Task objective:
Print every record below exactly, minus the pictures.

Records from a data source:
◇ ◇ ◇ ◇
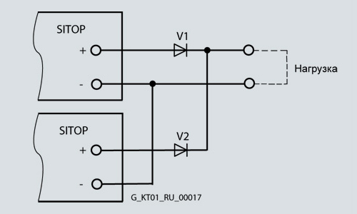 Два источника питания SITOP одного и того же типа могут быть соединены параллельно через диоды (V1, V2 на рисунке) для достижения резервирования. 100% резервирование с двумя источниками питания SITOP существует только когда полный ток нагрузки не превышает тока нагрузки который может обеспечить один источник питания SITOP и источник питания на входной стороне тоже сконфигурирован с избыточностью. То есть, в случае короткого замыкания в первичной сети источника питания не должно быть общих предохранителей отключающих оба источника от системы электропитания.
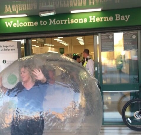 V této kouli se Britka vydala na nákup do supermarketu Morrisons
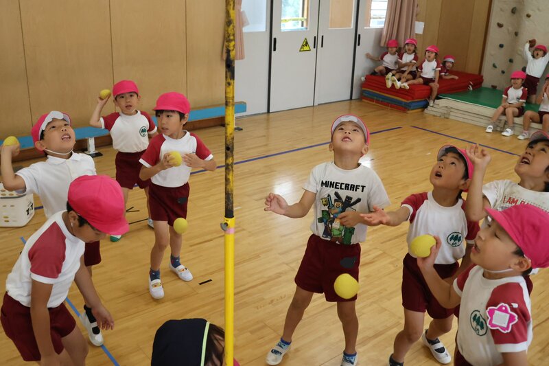 ですので、きょうは「玉入れ」にチャレンジしていました。クラスを2チームに分けたり、男子同士、あるいは女子同士に分けたりしつつ、ホールでは熱い戦いが繰り広げられ……、
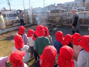火が少し弱まってきたので保育者と一緒に近くに見に行き煙を浴びみんなで無病息災を祈願しました。
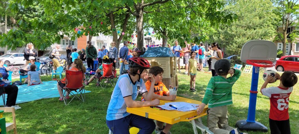 Les plus sportifs ont choisi de se rendre à la boutique Bicyclettes Montréal-Nord (et les responsables de Rêver Gouin), pour ajouter quelques kilomètres à l’expérience. Et finalement, l’accueil festif des participants se faisait à la Place Taché (tout près de la rue Fleury), où les attendaient l’un des organisateurs du rallye, Didier Haillot, ainsi que des voisins de la rue avec décorations, chaises, collations et rafraîchissements (offerts par l’épicerie Métro), des jeux pour enfants, des coloriages et de la musique.
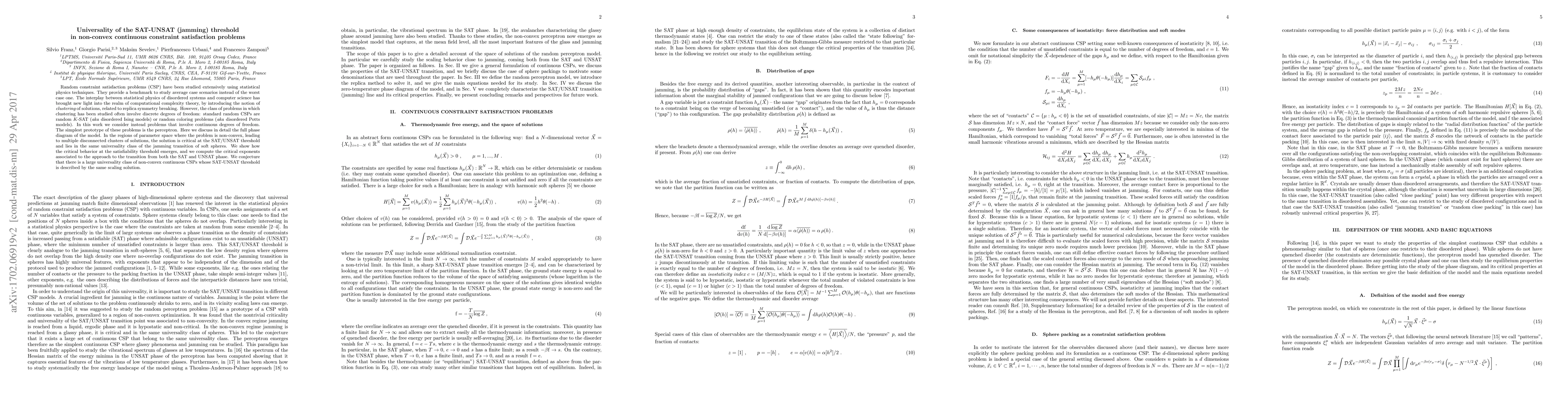Random constraint satisfaction problems (CSP) have been studied extensively using statistical physics techniques. They provide a benchmark to study average case scenarios instead of the worst case one. The interplay between statistical physics of disordered systems and computer science has brought new light into the realm of computational complexity theory, by introducing the notion of clustering of solutions, related to replica symmetry breaking. However, the class of problems in which clustering has been studied often involve discrete degrees of freedom: standard random CSPs are random K-SAT (aka disordered Ising models) or random coloring problems (aka disordered Potts models). In this work we consider instead problems that involve continuous degrees of freedom. The simplest prototype of these problems is the perceptron. Here we discuss in detail the full phase diagram of the model. In the regions of parameter space where the problem is non-convex, leading to multiple disconnected clusters of solutions, the solution is critical at the SAT/UNSAT threshold and lies in the same universality class of the jamming transition of soft spheres. We show how the critical behavior at the satisfiability threshold emerges, and we compute the critical exponents associated to the approach to the transition from both the SAT and UNSAT phase. We conjecture that there is a large universality class of non-convex continuous CSPs whose SAT-UNSAT threshold is described by the same scaling solution.
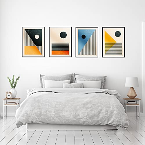 Set di stampe da parete premium stile bauhaus astratti quadri moderni decorazioni da muro poster abbinati come arredo soggiorno camera 4xA4 21x30cm senza cornice
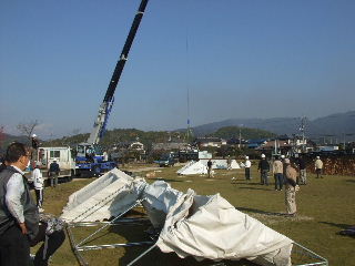 | 平成20年11月15日土曜日午前9時から実行委員会関係者が 集まり会場設営をしました。 婦人会関係者は、午前8時から幟等の組み立てをした後、公民館等で 手分けをしてお寿司作りをしました。 |
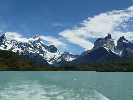 Der höchste Gipfel ist der Cerro Paine Grande, umgeben von den Spitzen des Paine Chico (1720m), der Torres del Paine (2850m) und der Cuernos del Paine (2600m). Im Park liegen zahlreiche blaugrüne Gletscherseen. In einem von ihnen, dem Lago Grey, treiben auch zur Sommerzeit dicke weißblaue Eisblöcke – schließlich brechen immer wieder unter großem Getöse meterhohe Eisblöcke aus der Eiswand des Greygletschers.
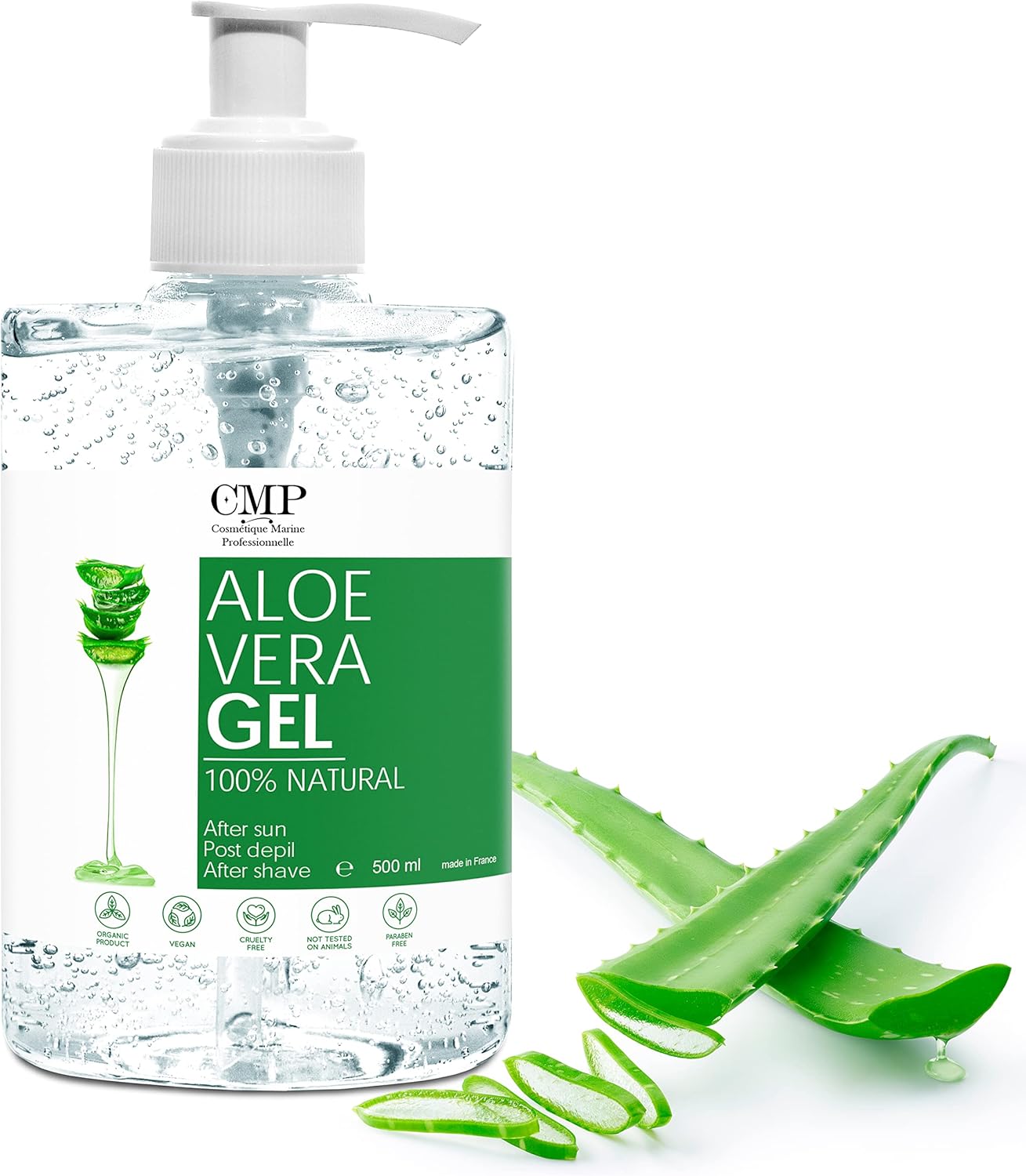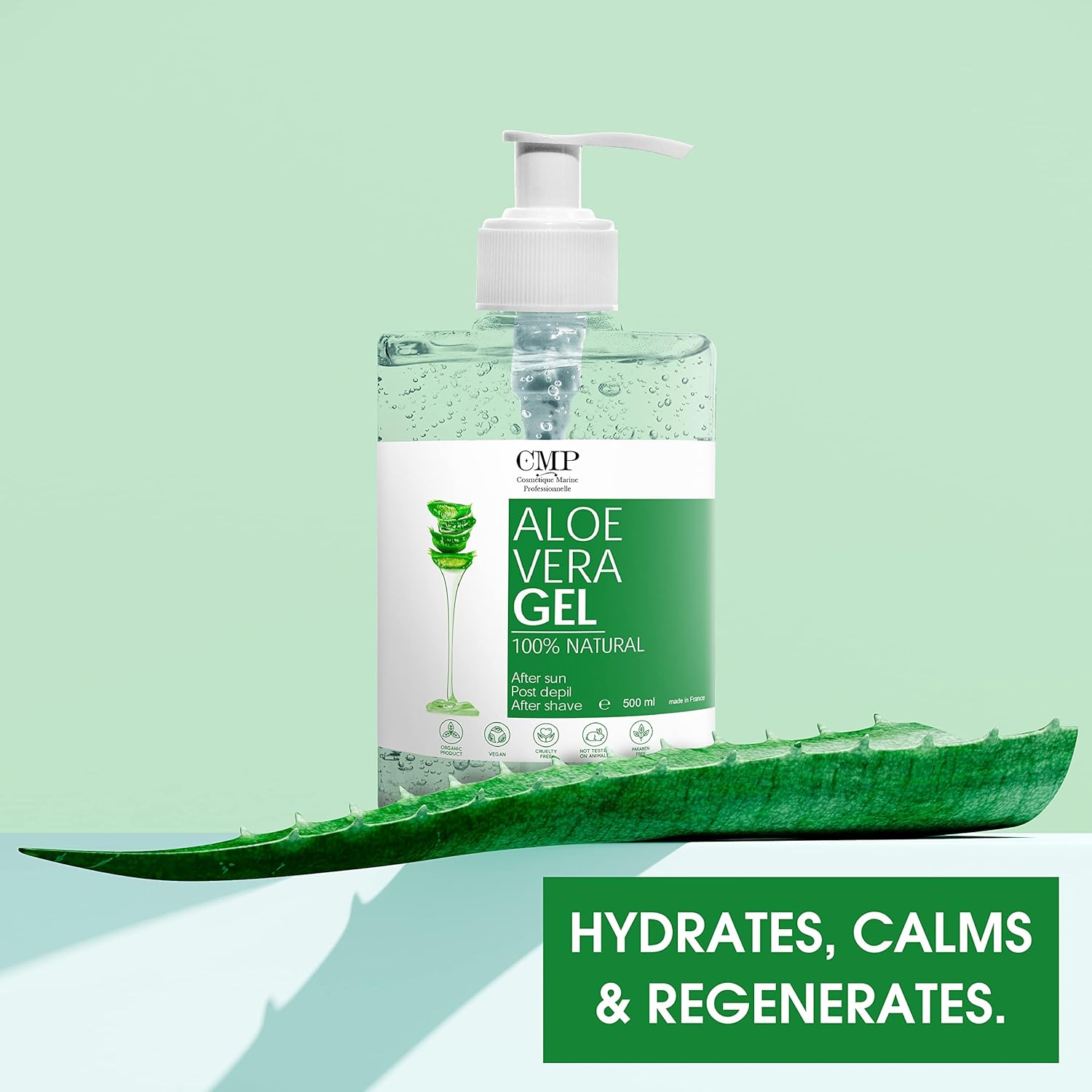 Flacon transparent de gel d'aloe vera CMP affiché sur fond vert avec la végétation des îles Canaries, mettant l'accent sur les ingrédients naturelsFlacon transparent de gel d'aloe vera CMP affiché sur fond vert avec la végétation des îles Canaries, mettant l'accent sur les ingrédients naturels
◇ ◇ ◇ ◇
Completed exercise:
 Два источника питания SITOP одного и того же типа могут быть соединены параллельно через диоды (V1, V2 на рисунке) для достижения резервирования. 100% резервирование с двумя источниками питания SITOP существует только когда полный ток нагрузки не превышает тока нагрузки который может обеспечить один источник питания SITOP и источник питания на входной стороне тоже сконфигурирован с избыточностью. То есть, в случае короткого замыкания в первичной сети источника питания не должно быть общих предохранителей отключающих оба источника от системы электропитания.
 V této kouli se Britka vydala na nákup do supermarketu Morrisons
 ですので、きょうは「玉入れ」にチャレンジしていました。クラスを2チームに分けたり、男子同士、あるいは女子同士に分けたりしつつ、ホールでは熱い戦いが繰り広げられ……、
火が少し弱まってきたので保育者と一緒に近くに見に行き煙を浴びみんなで無病息災を祈願しました。
 Les plus sportifs ont choisi de se rendre à la boutique Bicyclettes Montréal-Nord (et les responsables de Rêver Gouin), pour ajouter quelques kilomètres à l’expérience. Et finalement, l’accueil festif des participants se faisait à la Place Taché (tout près de la rue Fleury), où les attendaient l’un des organisateurs du rallye, Didier Haillot, ainsi que des voisins de la rue avec décorations, chaises, collations et rafraîchissements (offerts par l’épicerie Métro), des jeux pour enfants, des coloriages et de la musique.
Random constraint satisfaction problems (CSP) have been studied extensively using statistical physics techniques. They provide a benchmark to study average case scenarios instead of the worst case one. The interplay between statistical physics of disordered systems and computer science has brought new light into the realm of computational complexity theory, by introducing the notion of clustering of solutions, related to replica symmetry breaking. However, the class of problems in which clustering has been studied often involve discrete degrees of freedom: standard random CSPs are random K-SAT (aka disordered Ising models) or random coloring problems (aka disordered Potts models). In this work we consider instead problems that involve continuous degrees of freedom. The simplest prototype of these problems is the perceptron. Here we discuss in detail the full phase diagram of the model. In the regions of parameter space where the problem is non-convex, leading to multiple disconnected clusters of solutions, the solution is critical at the SAT/UNSAT threshold and lies in the same universality class of the jamming transition of soft spheres. We show how the critical behavior at the satisfiability threshold emerges, and we compute the critical exponents associated to the approach to the transition from both the SAT and UNSAT phase. We conjecture that there is a large universality class of non-convex continuous CSPs whose SAT-UNSAT threshold is described by the same scaling solution.
 Set di stampe da parete premium stile bauhaus astratti quadri moderni decorazioni da muro poster abbinati come arredo soggiorno camera 4xA4 21x30cm senza cornice
 | 平成20年11月15日土曜日午前9時から実行委員会関係者が 集まり会場設営をしました。 婦人会関係者は、午前8時から幟等の組み立てをした後、公民館等で 手分けをしてお寿司作りをしました。 |
 Der höchste Gipfel ist der Cerro Paine Grande, umgeben von den Spitzen des Paine Chico (1720m), der Torres del Paine (2850m) und der Cuernos del Paine (2600m). Im Park liegen zahlreiche blaugrüne Gletscherseen. In einem von ihnen, dem Lago Grey, treiben auch zur Sommerzeit dicke weißblaue Eisblöcke – schließlich brechen immer wieder unter großem Getöse meterhohe Eisblöcke aus der Eiswand des Greygletschers.
 Flacon transparent de gel d'aloe vera CMP affiché sur fond vert avec la végétation des îles Canaries, mettant l'accent sur les ingrédients naturelsFlacon transparent de gel d'aloe vera CMP affiché sur fond vert avec la végétation des îles Canaries, mettant l'accent sur les ingrédients naturels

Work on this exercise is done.